Conclusions: The official estimate of 64 deaths attributed to Hurricane Maria in Puerto Rico is a substantial underestimate. This survey, based on community sampling, indicated that the number of excess deaths is likely to be more than 70 times the official estimate. (Funded by the Harvard T.H. Chan School of Public Health and others.)

Main Figure a) A comparison of excess death estimates from official reports, press/academic reports, and our survey. b) Reported deaths per month in the survey, categorized by reported cause of death. Two individuals who died of similar causes are superimposed in December who died at the same age resulting in a count of 37 points representing 38 deaths after the hurricane.

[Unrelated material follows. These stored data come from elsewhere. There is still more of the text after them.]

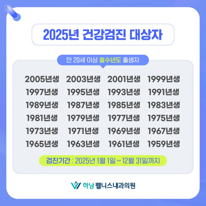 국가건강검진 대상자는 출생연도에 따라 결정됩니다. 홀수년도 출생자는 홀수년도에, 짝수년도 출생자는 짝수년도에 검진을 받게 됩니다. 직장가입자의 경우 사무직은 2년마다, 비사무직은 매년 검진 대상이 됩니다.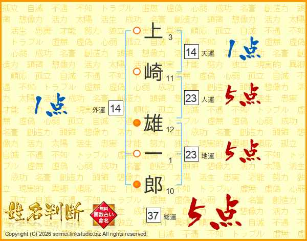 上崎雄一郎さんの人運は23画の5点!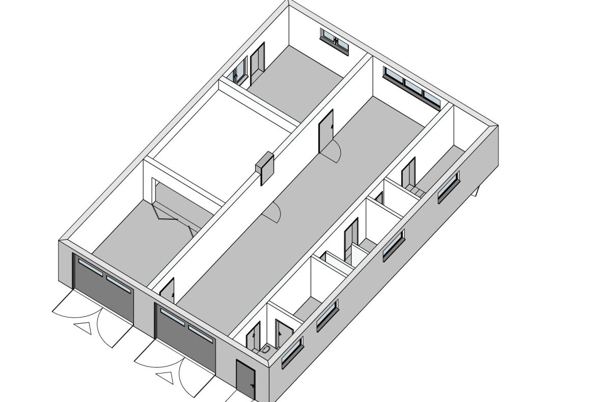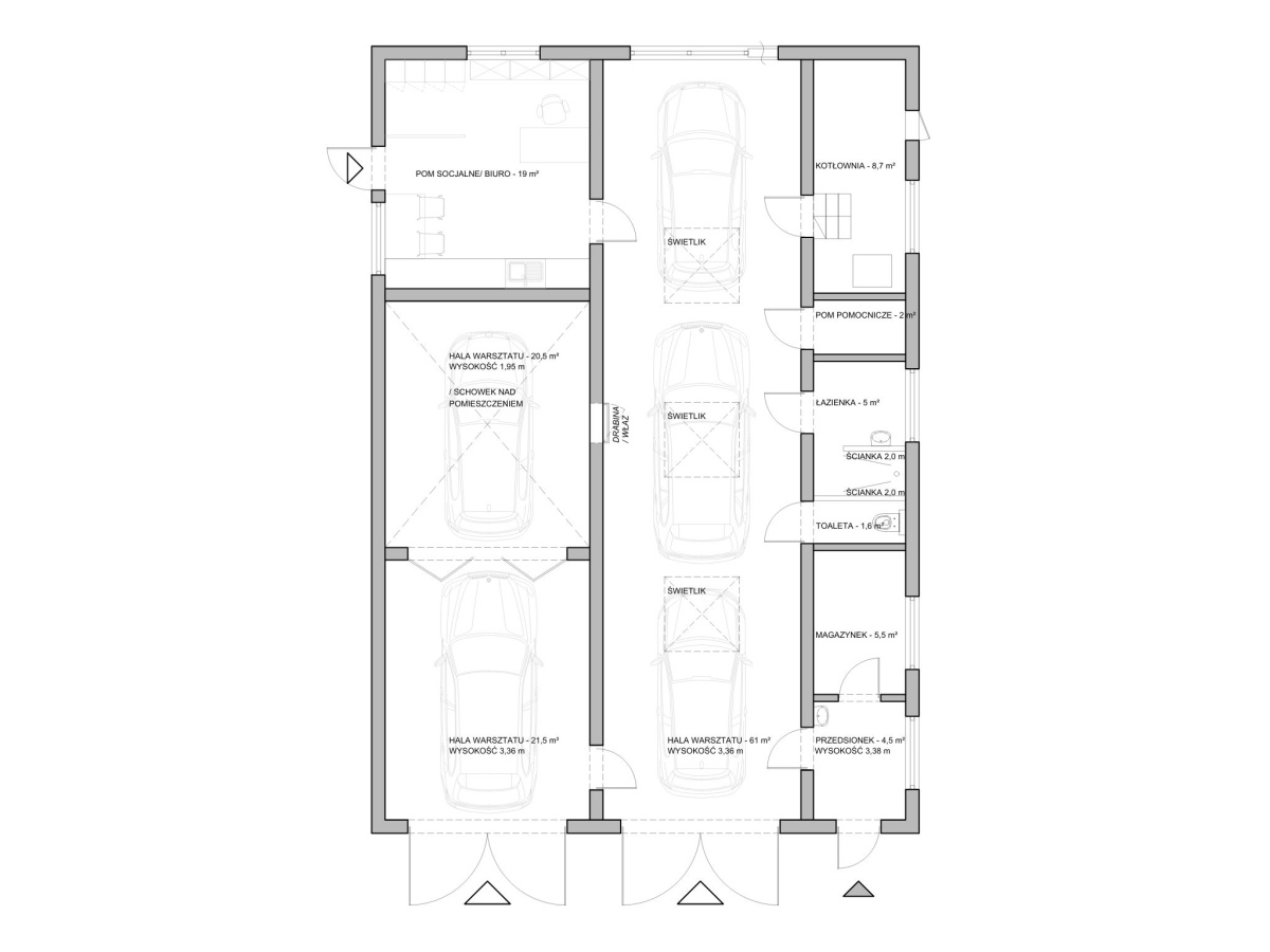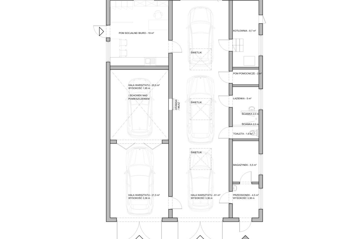 • 2 odrębne hale warsztatowe – max 5 samochodów osobowych, wysokość pom. 3,36 m, powierzchnia hal to 103 m²

  • code — Scripts and output for figures included in the manuscript and supplement
  • data — Initial data resources and survey data (more information in the folder README )
  • figures — Final figures included in manuscript
  • ref — pipelines used to clean raw information and generate .RDS files found in /data/rdata/
  • misc — Folder with a Spanish version of the paper as well as an xml file with the survey instrument used to gather data.


  • master is locked
  • We have tagged the version of this repository at the time of publication under the paper release
  • Feel free to create a new branch for further incorporation and analysis
  • All geospatial data has been stripped; by using this dataset, you agree to not undertake any steps to identify any respondents or their families
  • More information in data


For any issues with anonymization or major issues with the functionality of the script please create an issue.


The data collected and presented is licensed under the Creative Commons Attribution 3.0 license, and the underlying code used to format, analyze and display that content is licensed under the MIT license.